Arduino GPIO Sinking vs Sourcing Current: Avoid Burnt Pins | ShillehTek

Project Overview

Arduino (ATmega328P) GPIO sinking vs sourcing current: You will learn how an Arduino pin sources or sinks current when driving an LED or module input, and how to keep your MCU within safe current limits.

This guide explains sinking vs sourcing in plain English, shows the wiring differences with diagrams, lists the current limits that matter, and connects the concept to relay modules, transistors, and driver boards.

• Time: 15 to 25 minutes
• Skill level: Beginner
• What you will build: Two LED circuits (sourcing and sinking) and a simple understanding of when to use a relay or transistor instead of a GPIO pin

Parts List

From ShillehTek

• Arduino Nano V3.0 (or UNO) - the ATmega328P-based board used in the examples
• 830-Point Breadboard - for quickly building and comparing both wiring styles
• DuPont Jumper Wires (120-pc) - for breadboard connections
• 1-Channel 5V Relay Module - a classic example of an "active LOW" input and why GPIO needs help switching coils
• L298N Motor Driver Board - for higher-current loads where direct GPIO drive is not appropriate

External

• A couple of LEDs and 220 ohm resistors
• One pushbutton
• Optional: a 2N2222 or 2N3904 NPN transistor for the transistor demo

Note: The ATmega328P has a 40 mA absolute maximum per pin, but 20 mA is the commonly used safe continuous value. Also watch the total current across all pins combined.

Step-by-Step Guide

Step 1 - Learn the plain-English definition

Goal: Understand what it means for a GPIO pin to source current versus sink current.

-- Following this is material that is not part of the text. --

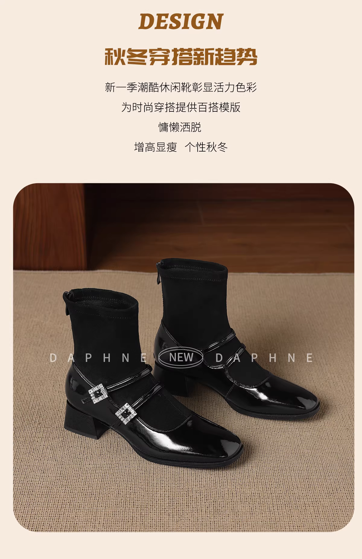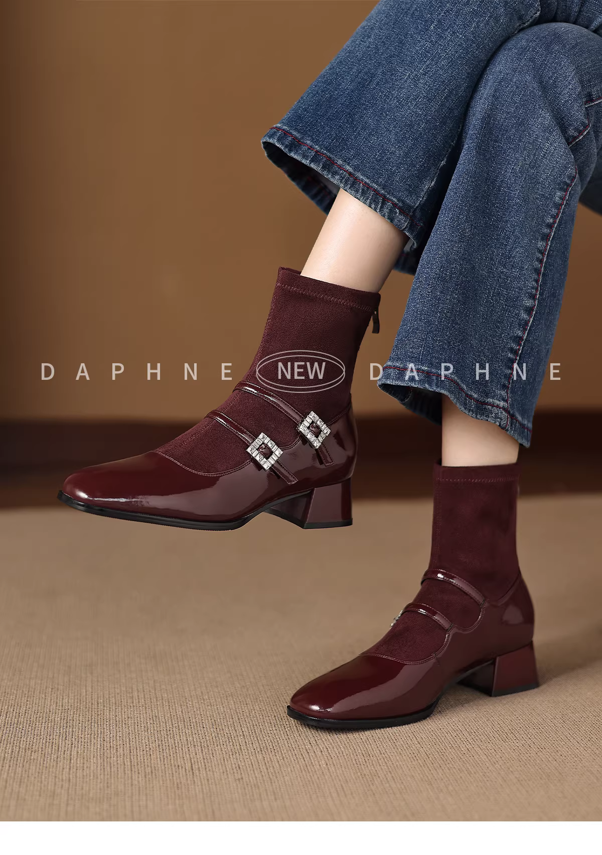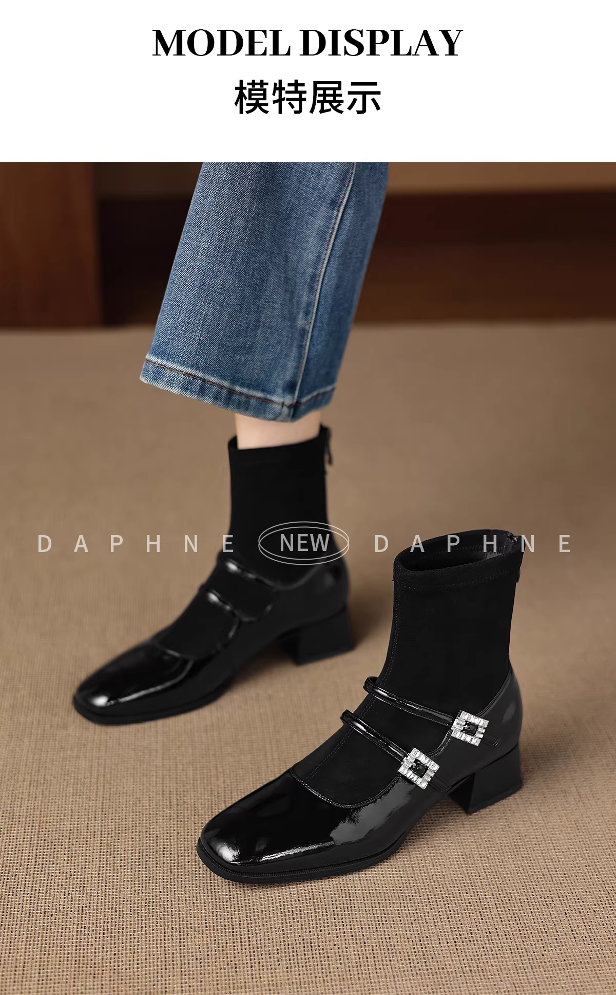 - Giày bốt cao gót ngắn Daphne có lớp lót lông cừu, giày bốt ôm sát dành cho nữ, giày bốt Mary Jane bằng da lộn đen mới năm 2025, giày bốt Martin.

What to do: Think of current like water flow in a pipe and the Arduino pin like a faucet you can push from or pull into.

• Sourcing means the pin pushes current out. You wire the load (LED + resistor) between the pin and GND. Current flows out of the pin, through the LED, to ground. digitalWrite(pin, HIGH) turns it on.
• Sinking means the pin pulls current in. You wire the load between +5 V and the pin. Current flows into the pin from the load. digitalWrite(pin, LOW) turns it on.

Expected result: You can look at a wiring diagram and correctly say whether the pin is sourcing or sinking current.

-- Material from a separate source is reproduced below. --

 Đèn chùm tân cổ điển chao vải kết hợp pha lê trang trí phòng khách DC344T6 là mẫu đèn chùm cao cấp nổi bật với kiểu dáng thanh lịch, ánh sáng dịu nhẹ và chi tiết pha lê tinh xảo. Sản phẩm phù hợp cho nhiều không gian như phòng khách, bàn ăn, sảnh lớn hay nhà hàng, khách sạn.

Step 2 - Wire sourcing vs sinking, side by side

Goal: See the physical wiring difference and the logic difference (HIGH vs LOW) in a concrete LED example.

What to do: Build the two LED circuits on a breadboard: one where the pin sources current to the LED, and one where the pin sinks current from the LED.

Code:

// SOURCING: pin -> LED -> resistor -> GND
//          digitalWrite(13, HIGH)  -> LED ON
//          digitalWrite(13, LOW)   -> LED OFF
pinMode(13, OUTPUT);
digitalWrite(13, HIGH);

// SINKING:  +5V -> resistor -> LED -> pin
//          digitalWrite(13, LOW)   -> LED ON
//          digitalWrite(13, HIGH)  -> LED OFF
pinMode(13, OUTPUT);
digitalWrite(13, LOW);

Expected result: You understand why the sinking version is inverted (LOW turns the LED on), which is the same pattern used by many "active LOW" relay modules.

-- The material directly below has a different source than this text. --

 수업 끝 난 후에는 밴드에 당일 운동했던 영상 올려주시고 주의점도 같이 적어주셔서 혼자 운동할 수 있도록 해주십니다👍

Step 3 - Memorize the current limits that protect your Arduino

Goal: Know the numbers that keep an ATmega328P-based Arduino alive.

What to do: Use these limits as your decision point for whether a GPIO pin can directly drive a load.

• Per-pin absolute maximum: 40 mA.
• Per-pin safe continuous: 20 mA.
• Total across all pins combined: 200 mA.

An LED at 20 mA is fine. A 12 V relay coil drawing 75 mA is not. Wiring a relay coil straight to a GPIO pin can destroy that pin, and sometimes the whole MCU.

Expected result: You can quickly classify a load as safe for direct GPIO drive or not.

Step 4 - Connect the concept to relay modules

Goal: Understand why relay boards exist and what the GPIO is really doing when you drive one.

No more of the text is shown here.